Neben diesen Szenarien könnte es angesichts der verfahrenen Lage in Großbritannien auch noch zu weiteren entscheidenden Veränderungen kommen:
Neuwahlen
Eine Verschiebung des Brexit-Termins um mehrere Monate könnte auch den Weg für Neuwahlen in Großbritannien bereiten. Johnson hatte wiederholt erfolglos versucht, Wahlen anzusetzen, um im Unterhaus wieder eine Mehrheit zu bekommen. Zuletzt hat er den 12. Dezember als Termin vorgeschlagen - im Gegenzug bietet er den Abgeordneten wie gefordert mehr Zeit zur Prüfung seines Brexit-Gesetzes. Für Neuwahlen bräuchte Johnson die Unterstützung von zwei Dritteln der Abgeordneten, und somit auch von Teilen der Labour-Opposition. Die ist beim Thema Neuwahlen derzeit gespalten. Sollte es aber so kommen, könnten die Wahlen binnen eines Monats abgehalten werden. Aktuellen Umfragen zufolge würden derzeit 35 Prozent der Briten Johnsons Tories ihre Stimme geben, 25 Prozent der Labour-Partei.
Zweites Referendum
Neuwahlen könnten auch den Weg für ein zweites Referendum ebnen.

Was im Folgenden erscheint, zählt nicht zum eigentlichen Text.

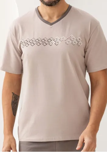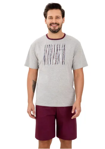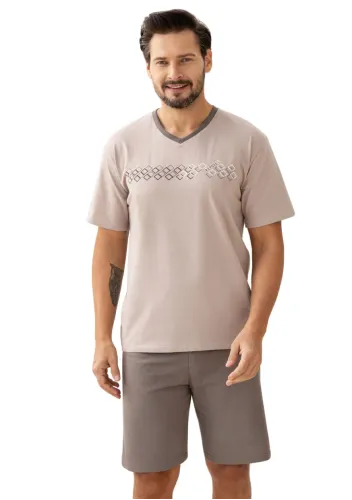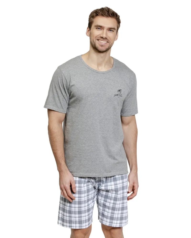 Pánské pyžamo Eliot 3583 TARO je ideální volbou pro muže, kteří ocení pohodlí a styl v jednom. Světlé tričko s krátkým rukávem a decentním motivem na hrudi působí elegantně, zatímco kostkované krátké kalhoty v odstínech šedé dodávají outfitu moderní vzhled. Díky elastickému pasu se krátké kalhoty dokonale přizpůsobí postavě a zajišťují maximální komfort při nošení i během letních nocí. Měkký materiál ze 100% bavlny nabízí příjemný pocit na pokožce, skvělou prodyšnost i snadnou údržbu.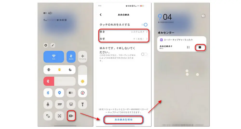 1、クイック設定パネルを開いて、スクリーンレコードを長押しして、録画の設定を行います。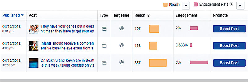 Identify what posts generate the most engagement, and simply create more of them. To do so, navigate to your page’s “Insights” tab and then the “Posts” section. For example, I have learned that my page’s most engaging posts often involve videos of our team and actual patients. To maximize our chances of ending up in our fans’ newsfeeds, we make it a point to create more videos highlighting actual patients and their experiences.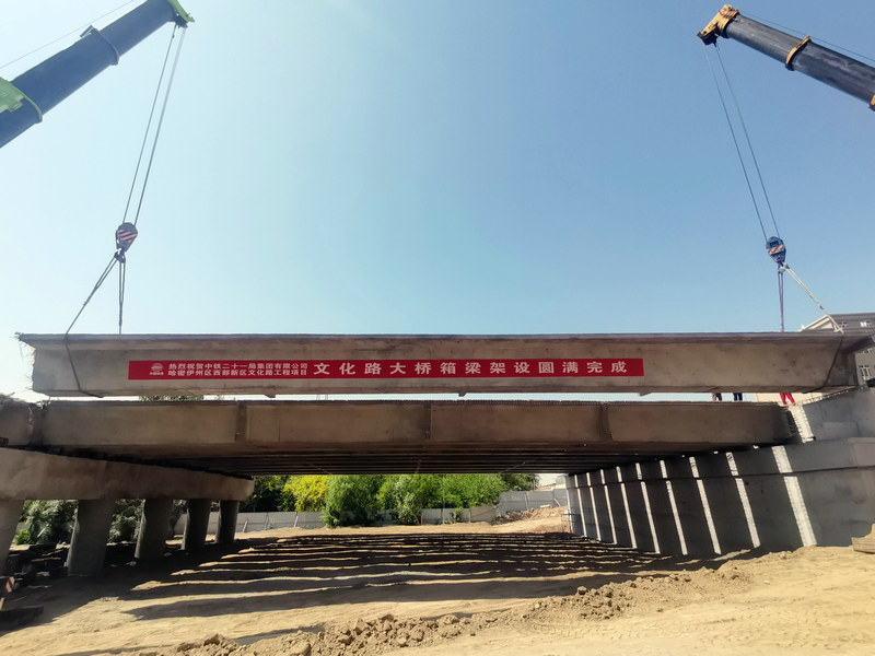 文化路大橋跨越西河壩,橫穿哈密河國(guó)家濕地公園,是集景觀性、功能性、環(huán)保性于一體的橋梁,既能滿足居民的出行需求,也能最大程度節(jié)約用地,更好地保護(hù)哈密河生態(tài)環(huán)境。此次大橋箱梁順利架設(shè)完成,打通了文化路全線最重要的施工斷點(diǎn),為后續(xù)水穩(wěn)基層及瀝青面層施工爭(zhēng)取了有效工期,下一步將全力以赴推進(jìn)施工建設(shè),確保今年9月按期開(kāi)通。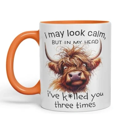 Vixar I May Look Calm, but in My Head I've k*lled You Three Times Highland Cow Joke sarkasm Sarcastic Ceramic Coloured Mug Cup for Tea Coffee Hot Brew 330ml 11Oz Gift (Orange)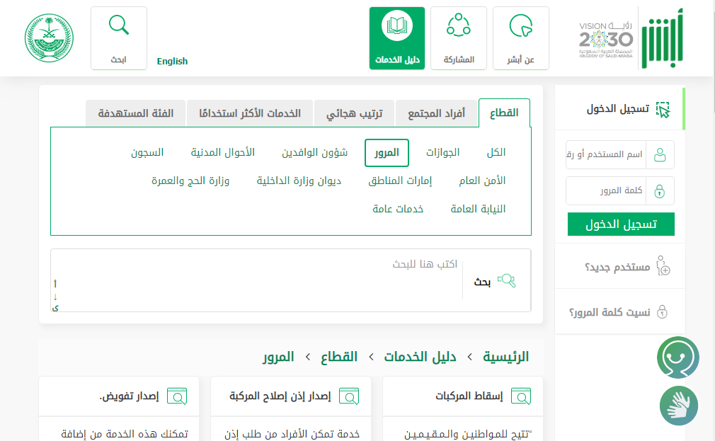 - الولوج إلى منصة أبشر الرسمية.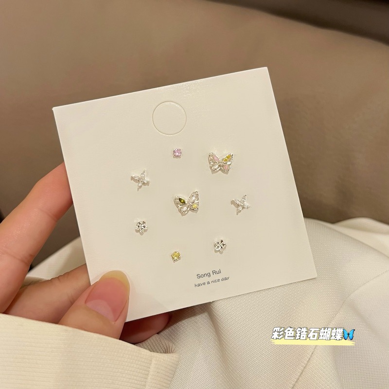 甜美彩色锆石蝴蝶925银耳钉套装甜美时尚精致女小众设计感耳饰 - 幸儿饰品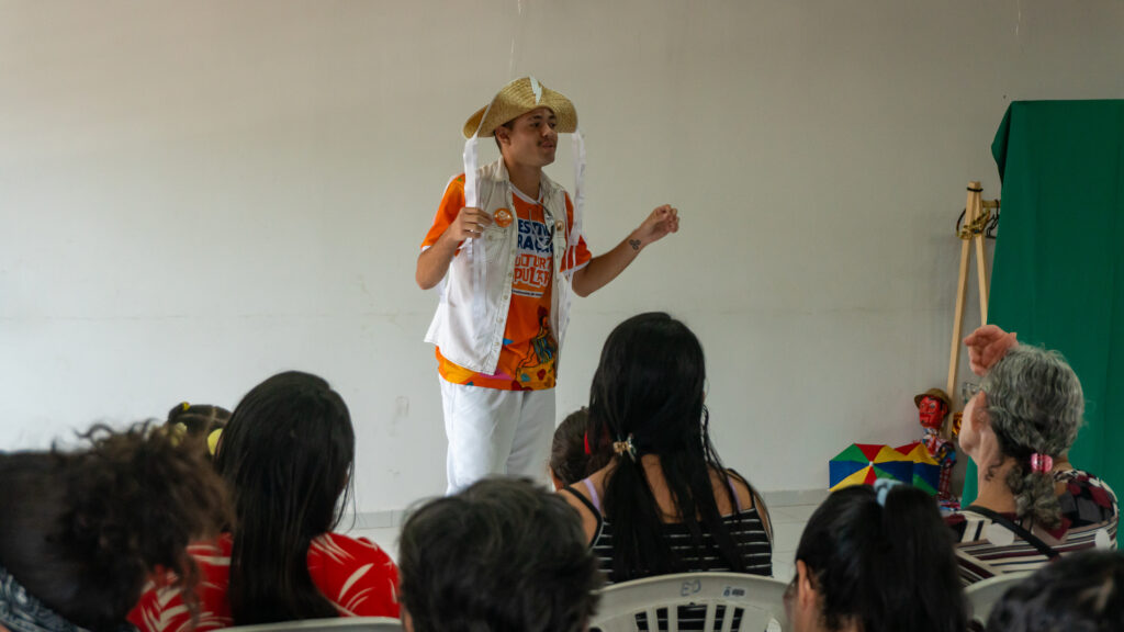 Além da estreia, a programação aberta ao público, contou com a apresentação do mestre Badeco Violeiro contando a sua história na Cadeira de Balanço, respondendo perguntas sobre a sua trajetória na cultura popular. Depois, os arte-educadores da organização em Pombos/PE apresentaram a contação de história “O Pantel da Mata”, que narra os principais contos populares de forma lúdica e divertida.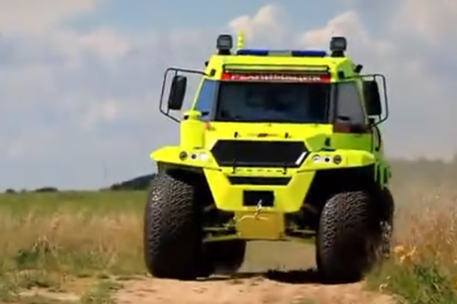 TORSUS PRAETORIAN,捷克共和國制造的大容量高性能車型??梢暂p松的穿越困難地形將病患從人跡罕至的地方運(yùn)送到醫(yī)療機(jī)構(gòu)。大型車長8.4米,總重量是13.4噸。有3個擔(dān)架的放置空間,配備了一個自動舉升的系統(tǒng)。搭載一臺290馬力的發(fā)動機(jī),最大扭矩為1150牛米,最高時(shí)速100公里每小時(shí)。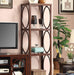 Melville Cherry Pier Cabinet, 24"W X 16"D X 74 1/4"H, 88lbs. Finished in cherry, this pier cabinet stands at either side of the TV console and offers three levels of shelving display. Features: Framed Glass Doors Cherry Finish Oval Shape Accents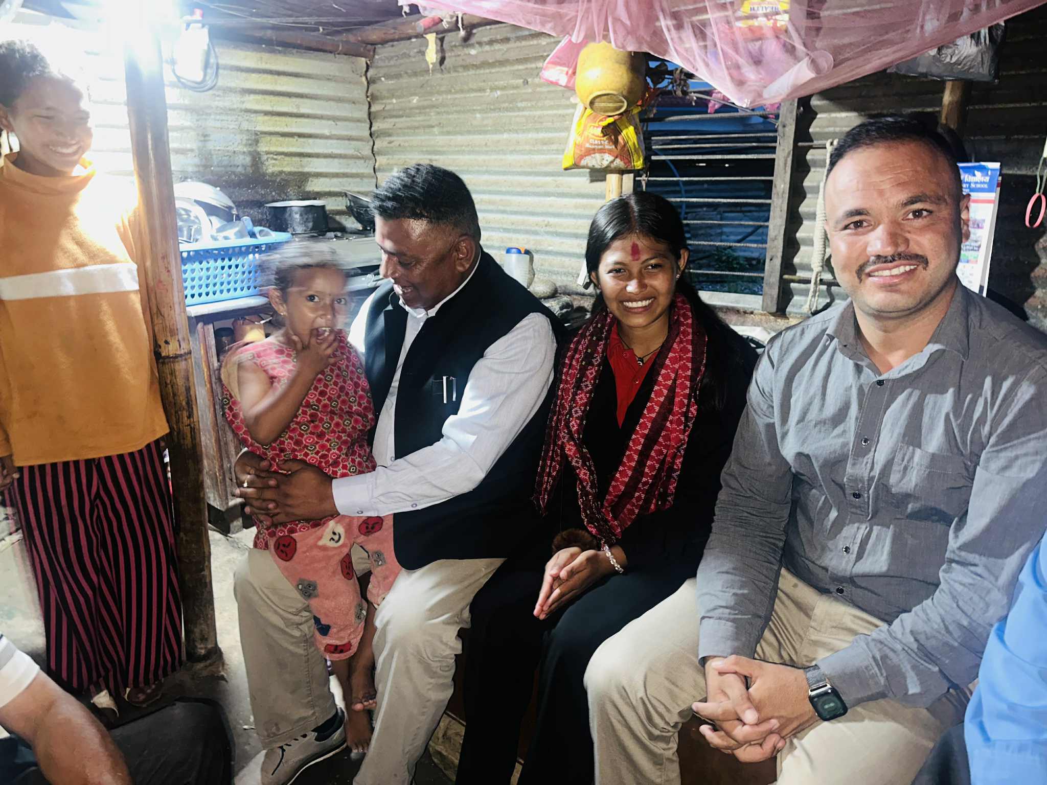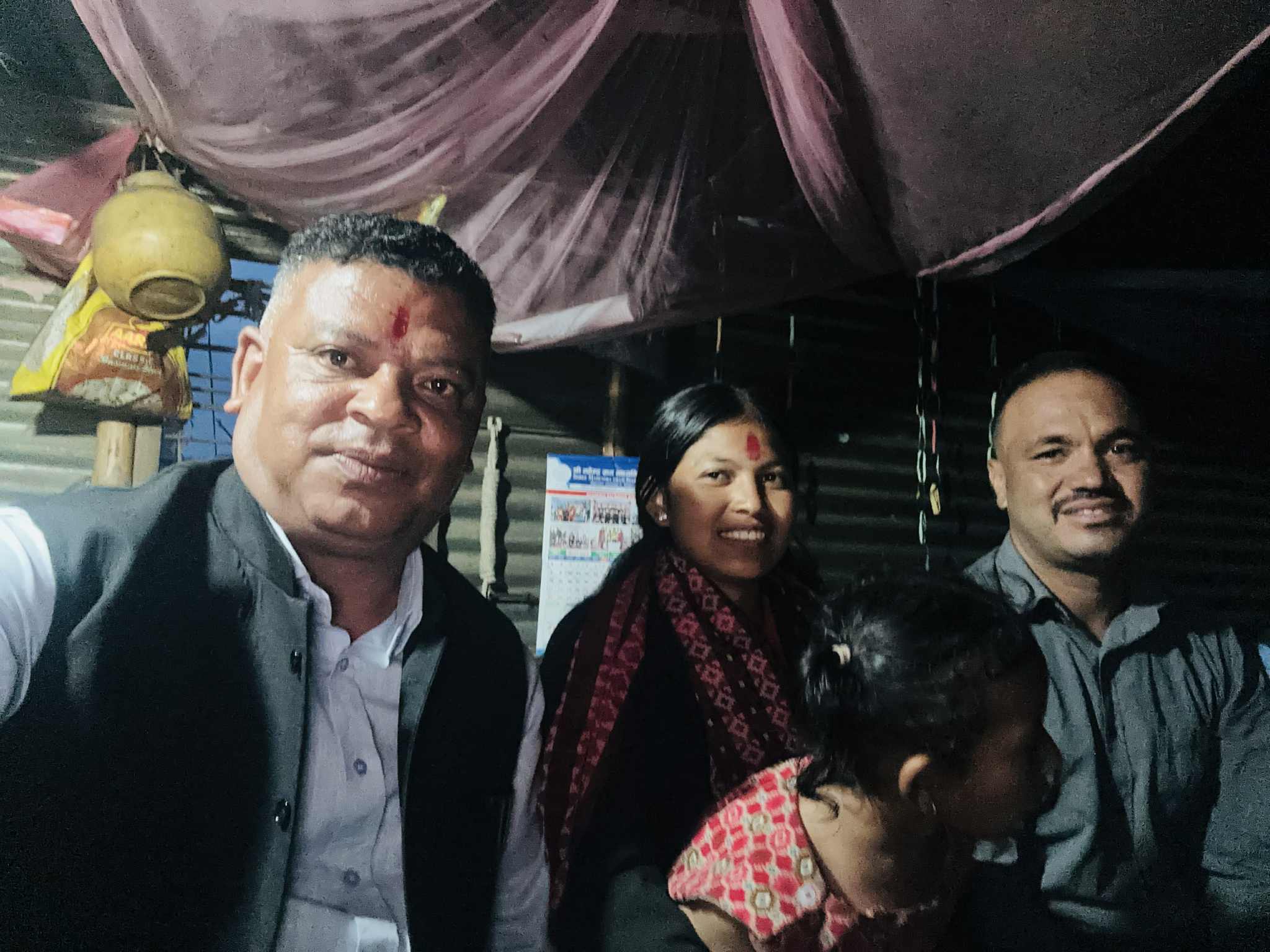 नगर प्रमुख जीवन खत्री बधाईको सन्देश बोकेर जव गोमाको टहरा भित्र पस्नुभो …………………………………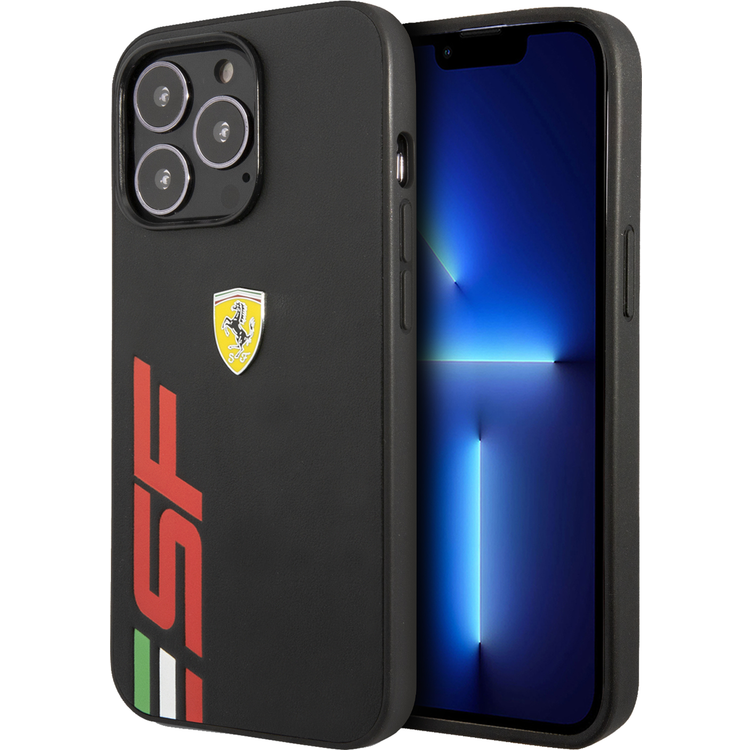 Ferrari Leather Printed Big SF Logo Hard case, Drop protection, Compatible with iPhone 13 Pro - Black

Labour hat dieses im Falle eines Wahlsieges versprochen. Für die Vorbereitung eines Referendums wären aber wohl fünf bis sechs Monate nötig. Damit müsste der Brexit-Termin nochmals deutlich weiter in das kommende Jahr verschoben werden. Der Ausgang eines zweiten Brexit-Referendums ist laut Umfragen zudem völlig offen. Als letztmöglicher Brexit-Termin wurde von EU-Vertretern bisher Ende Juni 2020 genannt - denn spätestens dann beginnt die heiße Phase der Verhandlungen über den EU-Haushalt im nächsten Jahrzehnt. Bis dahin muss klar sein, ob Großbritannien bleibt oder geht.